Stephany Hernandez, OKC Zoo herpetology caretaker, recently returned from a conservation journey to Guatemala. These are her notes from the field:
Hi, I’m Stephany Hernandez, an animal caretaker for the herpetology department at the Oklahoma City Zoo and Botanical Garden. My typical day starts with a visual health check of our reptiles. Depending on the day, we then might distribute salads or clean habitats. In the afternoon, we conduct a variety of husbandry tasks from bedding changes, soaking animals, feeding snakes or providing enrichment. At the end of the day, we check all building locks and do one more visual heath check to ensure the animals are good for the night.
I recently returned from FUNDESGUA, the OKC Zoo-supported conservation organization in Guatemala focusing on saving two lizards species: the Guatemalan beaded lizard and Campbell’s abronia lizard and their habitats. The goal in Guatemala was to get a first-hand look at the conservation work being done by FUNDESGUA which gets funding from the Oklahoma Zoological Society (ZOOfriends). While there, I got the opportunity to see these lizards in their habitat. This will give us the opportunity to design a lizard habitat at the Zoo that closely resembles their natural habitat in Guatemala.
On the first day in Guatemala City, we explored the Abronia Home for gravid (pregnant) lizards. The center distributes this species in underrepresented areas of its range in Guatemala to help ensure genetic diversity among the isolated lizard populations. The Abronia Home was built on re-purposed land that was a former garbage dump!
In addition to protecting lizard species, FUNDESGUA also works closely with local communities to combat extreme poverty. This includes building homes for families. FUNDESGUA funds a new home every year to a family that is most in need.
We took an 8-hour drive from Guatemala City to Huehuetenango and met the person responsible for the housing initiative there. The housing component was established after seeing a great need for it in this area.
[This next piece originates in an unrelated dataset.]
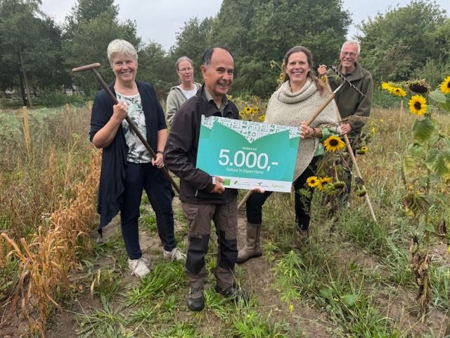 Heb jij ook een goed idee voor een groenere buurt met meer biodiversiteit? Doe dan mee aan Natuur in Eigen hand 2026 en wie weet sta jij straks ook met zo’n mooie cheque in je handen! |

Our contact, Hugo, developed a rapport with many of the surrounding communities and every year he identifies a family most in need and helps FUNDESGUA construct a proper home. These communities are so far out they do not get any assistance from the central government. One home a year might not sound like a lot, but it makes a world of difference for these families because they can finally stay dry when it rains and sleep without worrying if their home will survive the storm.
We again went out and met some of the families that have benefited from FUNDESGUA’s housing program. These homes are very simply made with concrete block walls and aluminum roofing sheets and cost around $6,000/home.
Today we visited Jalapa to explore the reforestation sites and talk to the families that had benefited from the program. The reforested oak trees planted only 5 or 6 years ago were already taller than we were! I had the opportunity to talk with some of the people and hear how grateful they are for this program. These trees are not only helping lizards, but they also help with erosion and provide shade.
We went to the new beaded lizard site at Rio Grande to visit two schools and observe presentations about beaded lizards designed to debunk myths that have long created fear among people about the species. The talks also focused on snakes and teaching the students that not all snakes are venomous and even if they are, it’s possible to coexist with these animals. While there, we conducted an extensive property survey hike, observing the natural trees and species, including a baby boa constrictor, lizards, bats, frogs and a rattlesnake!
On my last day in Guatemala, I helped local students with a forest restoration project in Zacapa, planting about 1,200 trees! This was not an easy task, requiring a long hike up a steep mountain. Everyone was responsible for planting at least eight trees. It was a great surprise to see so many children excited to participate and working hard to help accomplish a goal. The mountain in this area is bare due to deforestation. This is because people were hoping to grow corn, a stable in Guatemala, but the weather is not suitable for the crop. The deforestation and resulting erosion caused the river to swell beyond its traditional banks during the rainy season and resulting in the loss of many homes. With this reforestation effort, not only is the beaded lizard regaining habitat but the community is also benefiting by improved water management from the new trees.
It was surprising how thankful the communities were for these projects. FUNDESGUA has managed to find a balance with the community and its goals, so that people are more open to change. The rapport FUNDESGUA has built over time has opened minds to helping these lizards and in turn helping their own communities.